263 - I am making the disassembly available in its present state (warts and all)
264 so that others can pick it up if they want to and progress things. In the
265 present .zip I have omitted a lot of my files to keep it to a manageable
266 package, and even then, there is still a lot to take in (hires loader, etc).
268 - My complete work directory with my emulator, shape extractor and compiler,
269 etc, is available at the following git repository on one of my servers:
271 https://git.ndcode.org/public/star_disasm.git
273 - Unfortunately the gitweb viewer on my server is broken. I think people are
274 hitting it from the Internet and causing it to crash and restart, and then
275 systemd is not letting it restart after a while. A git client still works.
277 - As I am not really ready to make a proper release, I haven't bothered with
278 LICENSE files and such.

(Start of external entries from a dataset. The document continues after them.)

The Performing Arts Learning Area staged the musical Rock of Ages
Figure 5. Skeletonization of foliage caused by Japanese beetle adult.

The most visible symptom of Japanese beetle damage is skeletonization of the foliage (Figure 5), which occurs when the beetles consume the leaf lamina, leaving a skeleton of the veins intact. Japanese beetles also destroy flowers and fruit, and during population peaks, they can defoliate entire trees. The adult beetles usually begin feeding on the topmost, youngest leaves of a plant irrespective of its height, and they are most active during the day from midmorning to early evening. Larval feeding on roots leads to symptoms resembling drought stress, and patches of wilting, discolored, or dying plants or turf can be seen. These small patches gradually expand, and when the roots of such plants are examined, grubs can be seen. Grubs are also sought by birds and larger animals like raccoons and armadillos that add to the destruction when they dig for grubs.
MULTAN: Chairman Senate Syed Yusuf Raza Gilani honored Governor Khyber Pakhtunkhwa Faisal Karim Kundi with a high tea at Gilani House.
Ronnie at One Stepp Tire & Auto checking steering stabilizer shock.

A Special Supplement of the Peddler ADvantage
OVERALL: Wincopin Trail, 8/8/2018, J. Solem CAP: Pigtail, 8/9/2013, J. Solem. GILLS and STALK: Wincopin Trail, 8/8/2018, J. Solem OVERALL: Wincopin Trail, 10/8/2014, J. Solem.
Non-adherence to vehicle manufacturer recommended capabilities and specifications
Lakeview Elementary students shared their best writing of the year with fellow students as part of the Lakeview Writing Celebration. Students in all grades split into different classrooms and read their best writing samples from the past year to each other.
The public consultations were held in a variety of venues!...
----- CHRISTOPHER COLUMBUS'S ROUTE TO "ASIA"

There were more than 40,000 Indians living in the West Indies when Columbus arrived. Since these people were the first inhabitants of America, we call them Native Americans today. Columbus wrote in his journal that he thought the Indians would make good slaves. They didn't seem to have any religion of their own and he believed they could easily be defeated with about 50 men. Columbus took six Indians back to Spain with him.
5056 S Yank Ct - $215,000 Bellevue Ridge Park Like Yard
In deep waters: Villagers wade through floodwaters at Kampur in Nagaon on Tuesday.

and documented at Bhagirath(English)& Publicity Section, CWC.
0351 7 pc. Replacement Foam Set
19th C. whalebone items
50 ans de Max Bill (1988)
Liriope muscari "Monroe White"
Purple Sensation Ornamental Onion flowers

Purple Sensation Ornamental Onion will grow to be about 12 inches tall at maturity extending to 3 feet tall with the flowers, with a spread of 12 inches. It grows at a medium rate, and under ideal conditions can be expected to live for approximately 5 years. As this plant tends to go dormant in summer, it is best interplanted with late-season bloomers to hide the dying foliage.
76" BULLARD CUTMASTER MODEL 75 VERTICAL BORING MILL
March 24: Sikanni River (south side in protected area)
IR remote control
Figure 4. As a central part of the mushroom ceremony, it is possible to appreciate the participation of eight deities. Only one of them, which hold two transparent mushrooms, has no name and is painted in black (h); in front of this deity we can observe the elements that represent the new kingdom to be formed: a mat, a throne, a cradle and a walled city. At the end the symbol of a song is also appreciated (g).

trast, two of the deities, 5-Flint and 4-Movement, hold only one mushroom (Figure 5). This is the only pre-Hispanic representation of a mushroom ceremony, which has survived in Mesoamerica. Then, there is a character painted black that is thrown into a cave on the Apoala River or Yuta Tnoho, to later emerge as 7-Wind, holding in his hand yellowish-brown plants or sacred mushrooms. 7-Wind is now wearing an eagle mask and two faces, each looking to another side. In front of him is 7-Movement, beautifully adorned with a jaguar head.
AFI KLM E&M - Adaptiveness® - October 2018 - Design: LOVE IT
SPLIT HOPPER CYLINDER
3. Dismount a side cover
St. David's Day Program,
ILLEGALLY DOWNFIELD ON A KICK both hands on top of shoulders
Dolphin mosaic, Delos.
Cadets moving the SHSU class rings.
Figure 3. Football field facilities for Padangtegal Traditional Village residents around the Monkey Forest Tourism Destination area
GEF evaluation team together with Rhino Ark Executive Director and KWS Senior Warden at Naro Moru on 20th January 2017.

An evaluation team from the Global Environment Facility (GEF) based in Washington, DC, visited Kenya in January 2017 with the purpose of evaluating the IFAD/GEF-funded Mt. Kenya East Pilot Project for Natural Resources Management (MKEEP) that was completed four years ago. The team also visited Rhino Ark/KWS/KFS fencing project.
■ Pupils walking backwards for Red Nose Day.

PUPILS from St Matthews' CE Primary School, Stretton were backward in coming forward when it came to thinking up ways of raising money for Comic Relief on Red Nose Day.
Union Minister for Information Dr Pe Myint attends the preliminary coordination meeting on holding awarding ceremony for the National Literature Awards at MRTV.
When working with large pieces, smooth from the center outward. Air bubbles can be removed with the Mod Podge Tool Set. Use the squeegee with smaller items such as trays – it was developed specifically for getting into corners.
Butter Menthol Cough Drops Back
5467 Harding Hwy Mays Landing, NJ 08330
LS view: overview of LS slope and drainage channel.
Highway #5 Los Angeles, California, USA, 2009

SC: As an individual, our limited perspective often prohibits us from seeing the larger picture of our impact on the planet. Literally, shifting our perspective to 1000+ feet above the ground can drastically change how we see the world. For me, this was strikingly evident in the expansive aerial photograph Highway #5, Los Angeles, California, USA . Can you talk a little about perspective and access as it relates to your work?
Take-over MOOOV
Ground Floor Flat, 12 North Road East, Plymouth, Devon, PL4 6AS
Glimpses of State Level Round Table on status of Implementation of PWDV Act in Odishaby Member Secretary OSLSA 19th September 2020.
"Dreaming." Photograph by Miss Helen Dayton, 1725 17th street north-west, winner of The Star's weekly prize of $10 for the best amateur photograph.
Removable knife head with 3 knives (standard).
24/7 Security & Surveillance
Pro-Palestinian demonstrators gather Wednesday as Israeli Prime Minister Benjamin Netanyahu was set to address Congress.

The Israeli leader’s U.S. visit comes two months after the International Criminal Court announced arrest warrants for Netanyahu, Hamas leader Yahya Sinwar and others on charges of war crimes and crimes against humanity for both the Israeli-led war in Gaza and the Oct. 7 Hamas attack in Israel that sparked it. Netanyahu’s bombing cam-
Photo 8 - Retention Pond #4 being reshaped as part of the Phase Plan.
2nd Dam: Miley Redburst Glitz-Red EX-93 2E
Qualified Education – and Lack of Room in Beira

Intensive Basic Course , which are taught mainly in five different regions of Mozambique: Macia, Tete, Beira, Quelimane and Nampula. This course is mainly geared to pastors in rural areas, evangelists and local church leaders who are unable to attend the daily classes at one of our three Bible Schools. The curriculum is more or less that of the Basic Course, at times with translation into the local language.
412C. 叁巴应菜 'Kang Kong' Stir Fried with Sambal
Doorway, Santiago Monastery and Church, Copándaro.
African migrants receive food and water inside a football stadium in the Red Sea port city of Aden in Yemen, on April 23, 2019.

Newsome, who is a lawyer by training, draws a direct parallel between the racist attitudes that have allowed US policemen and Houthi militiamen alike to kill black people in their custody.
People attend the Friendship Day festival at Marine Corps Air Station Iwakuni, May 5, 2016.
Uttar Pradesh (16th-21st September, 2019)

However, I intend to release my part of the work
279 (not the copyrighted material obviously) under a MIT license. This includes
280 the disassembler, the tracing infrastructure, etc. It's quite sophisticated
281 so I also considered GPLv2, but overall I prefer a more permissive license.
283 - It is a work in progress, and I am not all that happy with how it handles
284 the shape editing and various other things. The disassembler also does not
285 have good support for the control file or the ability to add comments or
286 override the operand fields in instructions, and so whilst it can do a lot
287 automatically, it's hard to deal with the case where it gets things wrong.
288 It also does not have good support for immediate operands yet, although it
289 handles all the other addressing modes intelligently. I plan to add an enum
290 feature so that it can more readably decompile constants and the microcode.
292 - I will not be able to work on the project for a bit, so please enjoy for now.